Robyn Wright edited this page Feb 16, 2021 · 1 revision

Compute Canada has several general purpose clusters and a large parallel supercomputer that you can register for. You will need to contact Morgan as you need the Compute Canada Role Identifier of your sponsor to be able to register. In my experience it then took a few hours for my account to be confirmed. Note that the username that you sign up with will be the name that you use to connect to the servers with.

Clusters available

Server Beluga Cedar Graham Niagara
Home storage 50 GB per user 526 TB (not allocated) 64 TB (not allocated) 200 TB
Scratch storage 20 TB per user 5.4 PB (not allocated) 3.6 PB (not allocated) 12.5 PB
Project storage 1 TB per group 23 PB (adjustable) 16 PB (adjustable) 3.5 PB
Other storage Burst buffer 232 TB
Archive 20 PB
Node characteristics 172: 40 cores / 92 GB
516: 40 cores / 186 GB
12: 40 cores / 752 GB
172: 40 cores / 186 GB
576: 32 cores / 125 GB
96: 32 cores / 250 GB
24: 32 cores / 502 GB
24: 32 cores / 1510 GB
4: 32 cores / 3022 GB
114: 24 cores / 125 GB
32: 24 cores / 250 GB
192: 32 cores / 187 GB
640: 48 cores / 187 GB
768: 48 cores / 187 GB
902: 32 cores / 125 GB
24: 32 cores / 502 GB
56: 32 cores / 250 GB
3: 64 cores / 3022 GB
160: 32 cores / 124 GB
7: 28 cores / 178 GB
2: 40 cores / 377 GB
6: 16 cores / 192 GB
30: 44 cores / 192 GB
72: 44 cores / 192 GB
2024: 40 cores / 202 GB
Job characteristics 1 hour minimum
7 days maximum
1000 jobs per user
1 hour minimum
1000 jobs per user

This is just a short summary, but there are further details on each on the Compute Canada wiki pages: Beluga, Cedar, Graham & Niagara. Note that Niagara access doesn't come as default, and you will need to request access if you need it (this can be done through My Account/Request access to other clusters).
There are also Cloud sites, but I'm not covering that here.

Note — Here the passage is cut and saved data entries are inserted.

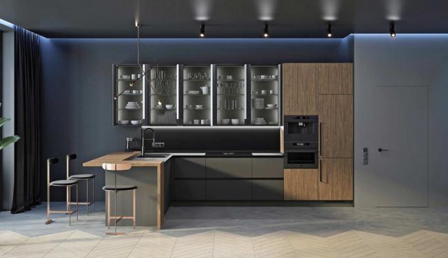 Если вы планируете поместить мебель в непосредственной близости от плиты, то необходимо позаботиться и об установке вытяжки, иначе, через некоторое время вашему взору предстанет не очень приятная картина испорченных паром шкафов. Ведь она не только избавляет вас от неприятных запахов, но и защищает мебель от конденсата, пара , исходящего от кипящих кастрюль, капель жира.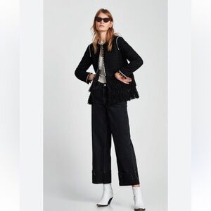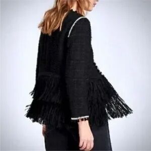ZARA Pom-Pom Fringe Tweed Boucle Jacket Blazer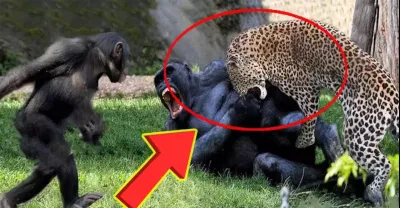 睡覺的大猩猩遭遇200公斤花豹偷襲,小猩猩看到拿起石頭奮勇直衝救媽媽!場面驚心動魄!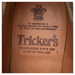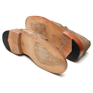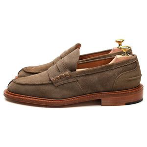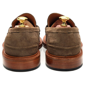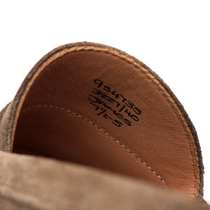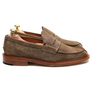 Mocassins « James » à bout fendu de Tricker en daim repello Visone marron pierre. En excellent état d'usage, présentant de légères traces d'usure.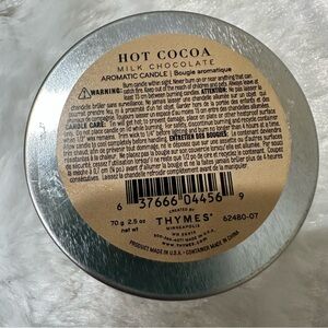 Thymes Hot Cocoa Milk Chocolate Travel Tin Candle 2.5 oz GIFT NEW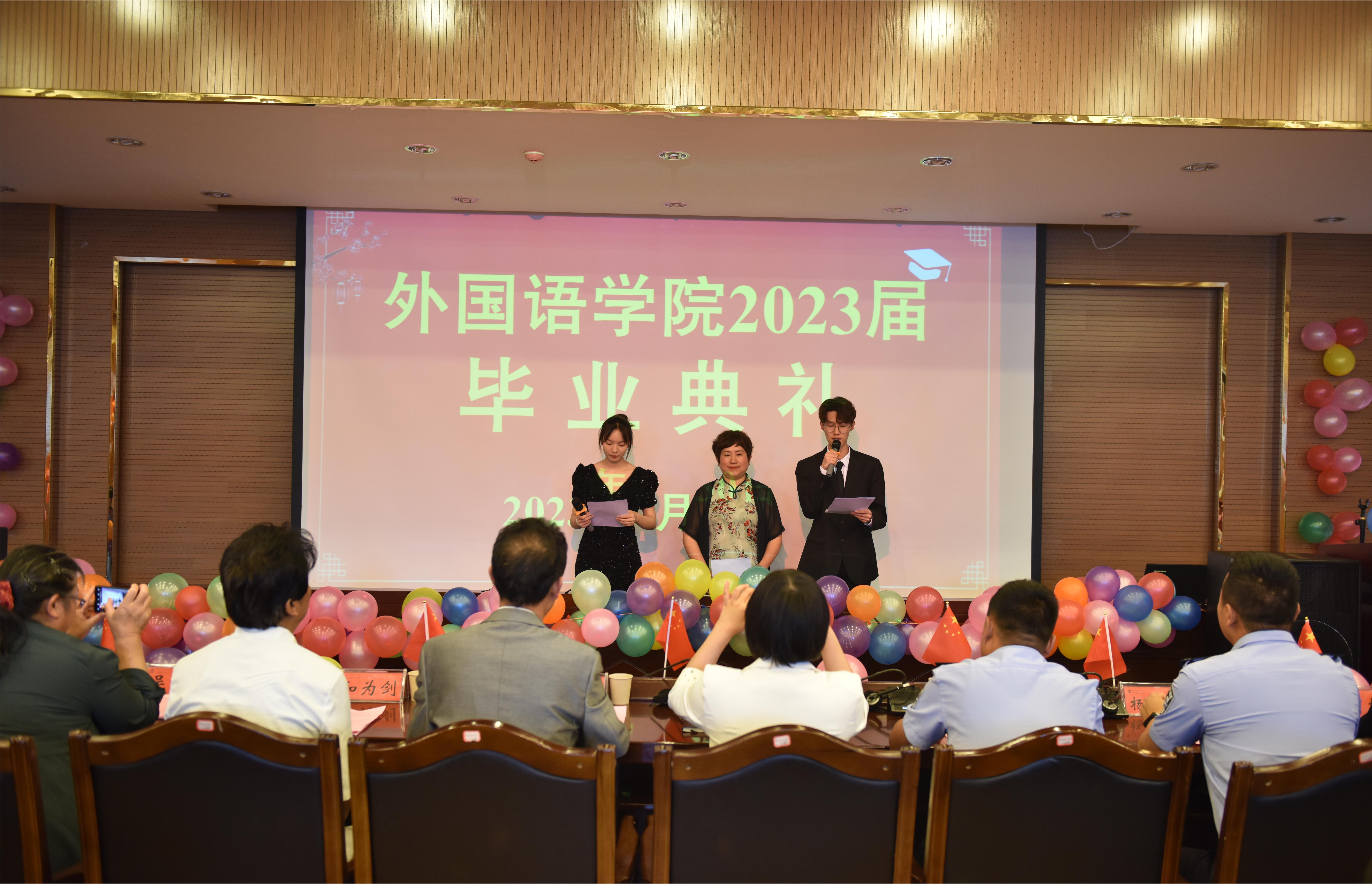 2023 年6月30日上午,外国语学院在求是楼多功能报告厅举行2023届毕业生毕业典礼。在庄严的国歌声中,毕业典礼拉开序幕。典礼由外国语学院党总支副书记杨红芳主持,学院党总支书记李根艳、院长段平华等学院党政领导班子、毕业生班主任、辅导员及2023届毕业生代表出席本次活动。

Each of these uses Slurm for job scheduling.

General notes

The logon for each of these is:
[email protected]
[email protected]
[email protected]
[email protected]

Your password will be the same one that you use to login to the website.

You can list all of the jobs that are either running or scheduled to run using squeue or only the jobs you have scheduled to run using sq. This output will look something like this:

(base) [rwright@gra-login2 scratch]$ sq
          JOBID     USER              ACCOUNT           NAME  ST  TIME_LEFT NODES CPUS TRES_PER_N MIN_MEM NODELIST (REASON) 
       44651061  rwright     def-mlangill_cpu  PGPC_0034.job  PD 1-00:00:00     1   40        N/A     25G  (Priority)

So this shows you a range of information, including the job ID, whether it is running or not (ST=status, PD=pending), what you have set it to run on and why it is or isn't running currently.

You can also list only pending/running jobs with: sq -t RUNNING / sq -t PENDING and get detailed information on a job by running: scontrol show job -dd $JOBID

You can cancel a job by running scancel $JOBID, e.g. scancel 44651061

Setting up and installing things

You can install things as you would on Vulcan, but to avoid needing to specify the path for tools that may not be globally installed, I have found the easiest way is to install things within conda environments and then you can activate these within a job script. Note that you will probably need to reconnect before conda or any new packages will be installed and ready to use.
You can run tests to check that things are installed properly (without submitting jobs), but they have a time limit of 5 mins and will automatically be cancelled if they run longer than this.

Submitting jobs

Job files

The easiest way to submit jobs is by creating a job file that looks something like this:

#!/bin/bash
#SBATCH --job-name=PGPC_0036.job
#SBATCH --output=/home/rwright/scratch/out/PGPC_0036.out
#SBATCH --error=/home/rwright/scratch/out/PGPC_0036.err
#SBATCH --mem=25G
#SBATCH --time=0-24:00
#SBATCH --cpus-per-task=40
#SBATCH [email protected]
#SBATCH --mail-type=ALL
source /home/rwright/.bashrc
conda activate kneaddata
python run_single_participant.py PGPC_0036

In this case, I've named the file PGPC_0036.job and it can be submitted to run using sbatch PGPC_0036.job So in this file we have set the job name, the location for output and error files, the memory needed, the maximum time, the CPUs (threads) that I want to be able to use, the email address to send updates to, which updates to send and then the commands to be run. At a minimum, you need to set the time to run and the command to be run.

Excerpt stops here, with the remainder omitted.